Data shown

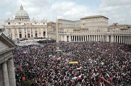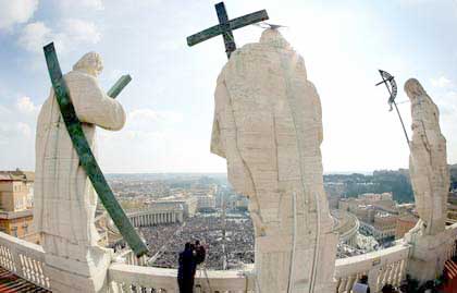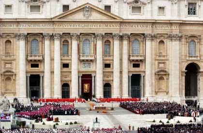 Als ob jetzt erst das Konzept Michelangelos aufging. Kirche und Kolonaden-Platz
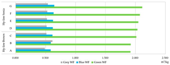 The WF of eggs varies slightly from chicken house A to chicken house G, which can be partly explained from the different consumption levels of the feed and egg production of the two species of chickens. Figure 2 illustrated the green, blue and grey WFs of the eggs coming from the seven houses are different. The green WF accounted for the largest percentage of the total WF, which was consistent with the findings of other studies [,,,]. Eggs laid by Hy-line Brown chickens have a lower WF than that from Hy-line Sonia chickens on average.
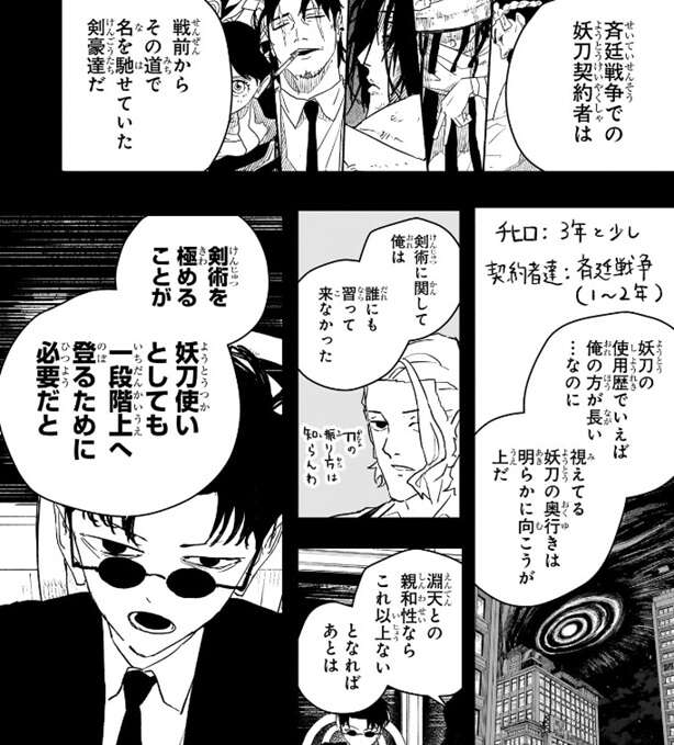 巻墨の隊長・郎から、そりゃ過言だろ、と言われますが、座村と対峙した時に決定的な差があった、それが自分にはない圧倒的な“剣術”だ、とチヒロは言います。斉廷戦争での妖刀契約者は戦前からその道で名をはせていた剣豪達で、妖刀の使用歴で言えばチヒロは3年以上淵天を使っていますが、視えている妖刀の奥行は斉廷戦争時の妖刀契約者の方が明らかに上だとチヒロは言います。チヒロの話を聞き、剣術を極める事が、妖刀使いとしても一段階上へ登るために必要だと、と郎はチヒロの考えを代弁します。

==

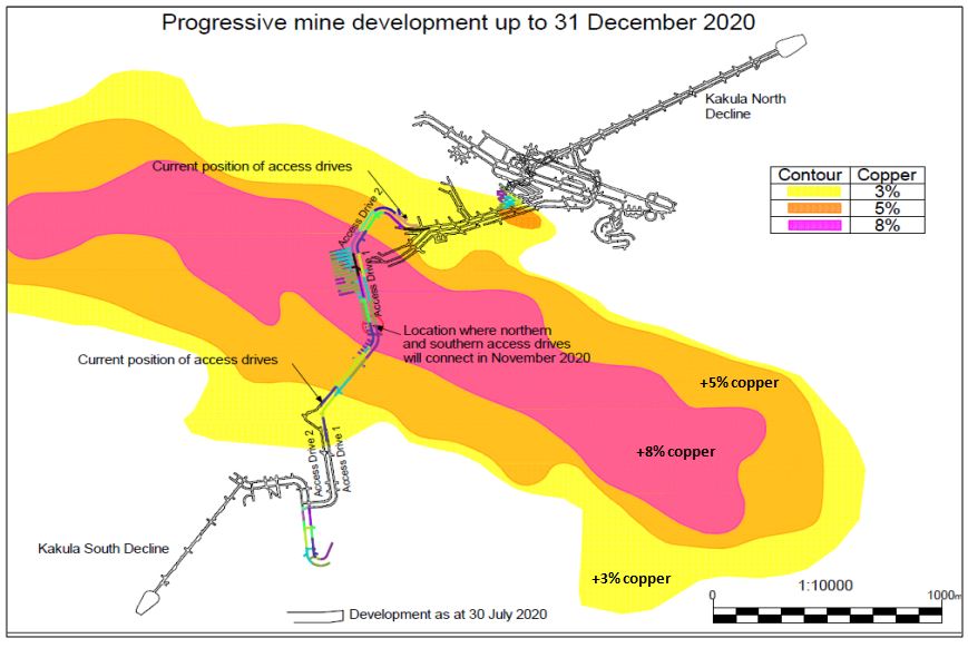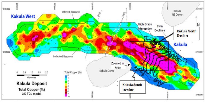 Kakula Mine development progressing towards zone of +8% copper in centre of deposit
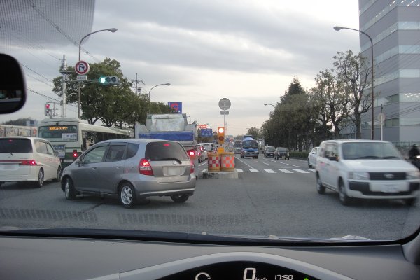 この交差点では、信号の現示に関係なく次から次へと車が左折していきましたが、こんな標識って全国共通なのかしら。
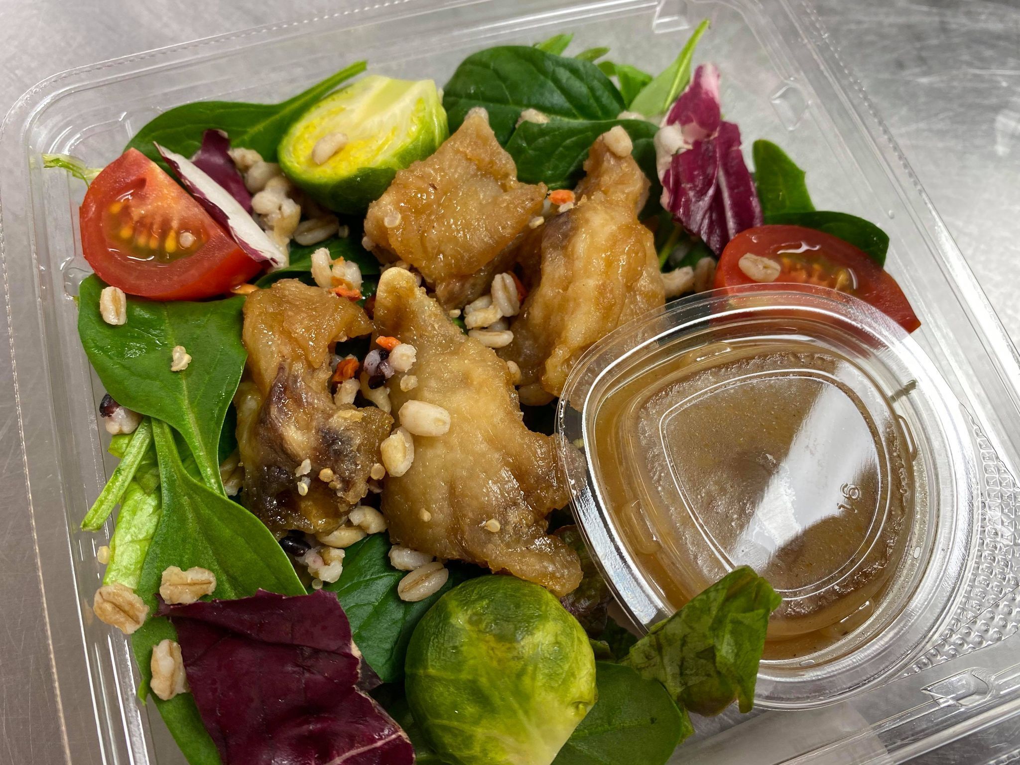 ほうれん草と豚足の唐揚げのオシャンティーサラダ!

Exercise aim
Look above for the line with "Kakula Mine development" and the line with "ほうれん草と豚足の唐揚げのオシャンティーサラダ!"; set down those two lines and all lines between them exactly, without pictures and without anything else.

Exercise output
 Kakula Mine development progressing towards zone of +8% copper in centre of deposit
 この交差点では、信号の現示に関係なく次から次へと車が左折していきましたが、こんな標識って全国共通なのかしら。
 ほうれん草と豚足の唐揚げのオシャンティーサラダ!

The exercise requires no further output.